Tom Metcalfe
- Full name: Thomas Charles Metcalfe
- Date of birth: 13 May 1909
- Place of birth: Invercargill, New Zealand
- Date of death: 26 May 1969 (aged 60)
- Place of death: Dunedin, New Zealand
- Height: 1.80 m (5 ft 11 in)
- Weight: 87 kg (192 lb)

Rugby union career
- Position(s): Loose forward

International career
- Years: Team / Apps / (Points)
- 1931–32: New Zealand / 2 / (0)

= Tom Metcalfe =

Thomas Charles Metcalfe (13 May 1909 — 26 May 1969) was a New Zealand rugby union international.

Born in Invercargill, Metcalfe played with the city's Pirates club and made a total of 63 appearances for Southland in representative rugby. He was captain of the Southland team which defeated the touring Wallabies in 1931.

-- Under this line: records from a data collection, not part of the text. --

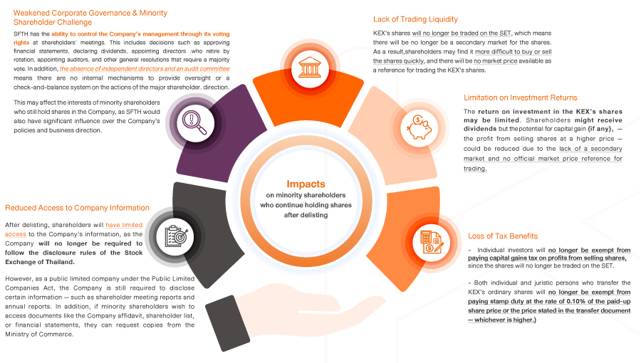 - Shareholders may face trading illiquidity, as KEX shares will no longer be tradable on the SET, which serves as the secondary market.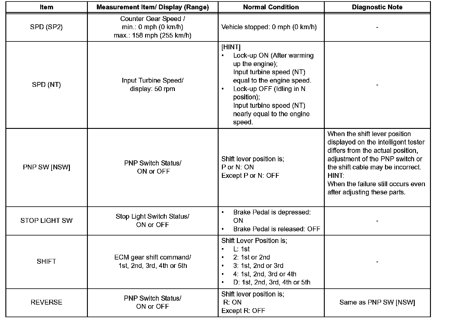 HINT: According to the DATA LIST displayed on the intelligent tester, you can read the values of components, such as the switches, sensors and actuators, without removing any parts. Reading the DATA LIST as a first step of troubleshooting is one method of shortening labor time.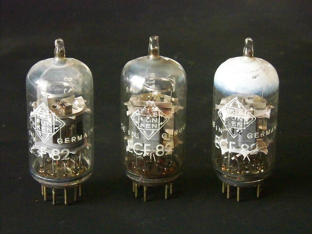 Ich habe hier drei ECF82 von TELEFUNKEN aus Berlin, mit den Kodierungen: B0106209 und B1206109. Man sieht sofort am Getter, die haben Luft gezogen, ob wohl die Glashüllen keinen auffallenden Schaden zeigen.

Metcalfe, a loose forward, was capped twice by the All Blacks during the early 1930s. He debuted in the back row against the Wallabies at Eden Park in 1931, which was the last occasion that the All Blacks packed a 2–3–2 scrum in a Test match. The following year, Metcalfe was on the tour of Australia, where he played in the 1st Test in Sydney.